A request has come to fpm http server, we want to serve it.


-- ft.h2: FTD files: URL with no extension, or URL ending with `index.html`

If URL ends with index.html, we will delete the ending index.html to get the
`real path`.


If the `real path` is present in `digets` json for the package, eg if the
digest was:


-- ft.code:
lang: json

{
"foo/index.ftd": "<content>",
"FPM.ftd": "<content>"
... other stuff omitted ...
}

-- ft.markdown:

NOTE: if the URL contains `-` then the `real path` would be the part till the
first `-`, eg if path was `amitu.com/foo/-/bar/`, the real path would be `foo`.
Ask Arpita how to handle such URLs.

If the `real path` is `foo`, then we look for `<real path.ftd>` (`foo.ftd`) or
`<real path>/index.ftd` (`foo/index.ftd`) has to be present.

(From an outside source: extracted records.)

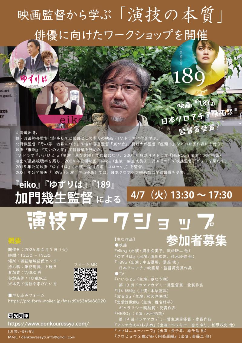 【3月に引き続き開催決定!】俳優に向けたワークショップ 監督の視点に触れる1日 映画『189』『ゆずりは』など、加門幾生監督による演技ワークショップ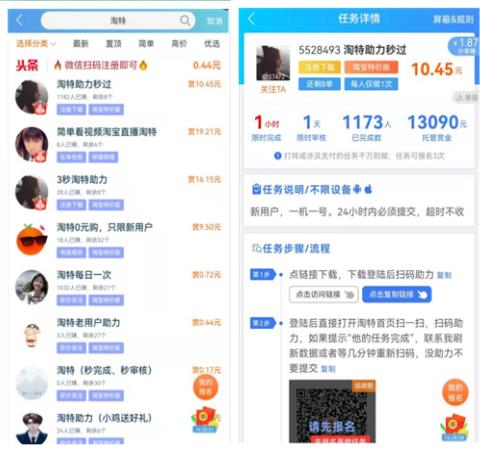 扫码完成注册下载安装,然后大家在任务大厅里搜索“淘特”任务,一单任务佣金可多可少,佣金都是自己定义的,别人按要求做了,我们审核通过就会给对方付出这笔佣金。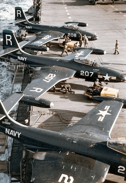 “Three F2H-2B Banshees armed with dummy Mk 7 nuclear shapes flew from USS Midway 100 miles off Guantanamo Bay, Cuba, refuelled when airborne, dropped to treetop level over Florida and flew undetected—even though the Air Force had been alerted—to a target in Lake Erie. On the return, the F-86s and F-89s trying to intercept them were baited down to 5,000 feet when the Banshees zoomed to 55,000 feet and left the Air Force interceptors spinning out as they tried to follow them to the high altitude. The Banshees refuelled over the Atlantic and landed on the Midway after a nearly 8-hour flight, a record 2,800-nautical-mile flight from and to a carrier. “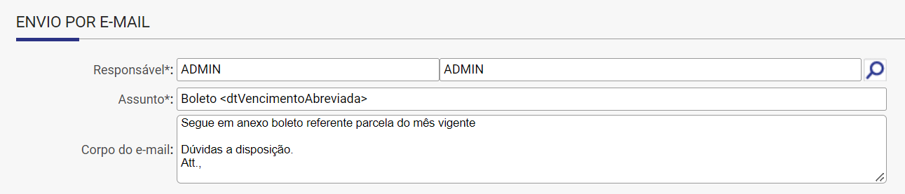 Dica! Note que os campos Assunto e Corpo do e-mail permitem, ainda, a mesclagem com as informações do módulo comercial.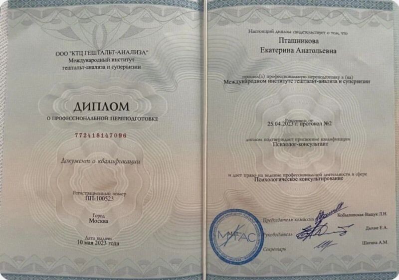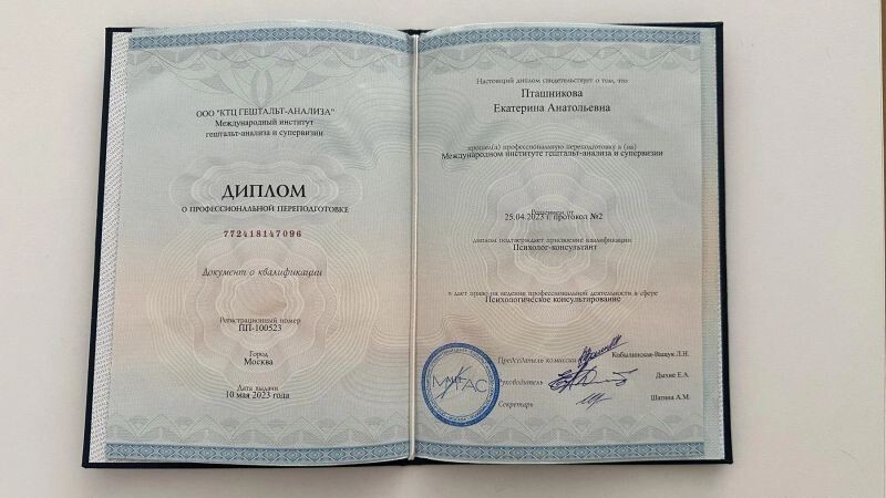 - Международный институт гештальт анализа и супервизии , Психологконсультант, 2022–2023 гг.

We know it is a ftd file and we can serve it. When "process_ftd()` is called,
on every import (`ftd::Interpreter::StuckOnImport`) corresponding to a foreign
package we have to read the row for that package from `packages` table (or from
disc, `.packages/<package-name>.digest.json` if running locally). Here we do
not have to do step 1, because the list of dependencies for this package already
known, so we have to do step 1 equivalent from content of FPM.ftd only, we do
not have to do additional (db/fs) read.

If the file is missing in `digest.json` then we give 404.

-- ft.h2: Any other URL (non ftd url, mostly images)

We assume this is static file, so we only do the step 1, and not step 2 as we
are not going to need the full digest. We will read FPM.ftd content from
`fpm-files` for the package name we found from step 1. Using FPM.ftd we will
check if auth/acl allows you to read the static file. If not we give 403.

If acl works, we then do a query on the `other-files` table, to get the content
of that file and serve it.

-- ft.h1: How do we handle markdown files?

Markdown files (and their content) would also be present in `digest.json` file.
When looking for `foo` we will look for `foo.ftd`, `foo/index.ftd`, `foo.md`
and `foo/README.md`, in this order.

-- ft.h1: On local, how often do we regenerate `digest.json`?

When we lauch `fpm serve`, it first reads the content of current package
directory, and generates an in-memory `digest.json` and starts a background
thread which watches for file system changes, and keep updating the in-memory
`digest.json`.

-- ft.h2: What about local changes in dependencies?

Since people may modify dependencies as part of development, we have to
generate `digest.json` when any fpm command starts. The file system watcher of
FPM serve will also watch the dependencies, and update their `digest.json` as
well.

Note: local changes in dependencies will make output of subsequent fpm commands
unreliable. The diff may be wrong if you are tracking things, `fpm status` may
give wrong info etc etc. In future we will use "fallback to .." technique, so if
you want to develop a dependency, you do not modify it in `.packages` folder,
but checkout the dependency in `..` of current package, and our dependency
checker will look both in `.packages` and `..` when its looking for
`foo.com/bar` package as a dependency of current package.


-- ft.h1: `digest.json` on remote

Is only updated when someone does `fpm sync` and any of the content on remote
changes. Since the digest contains history, meta data for all static file, so
if any file ever changes, `digest.json` will have to be updated.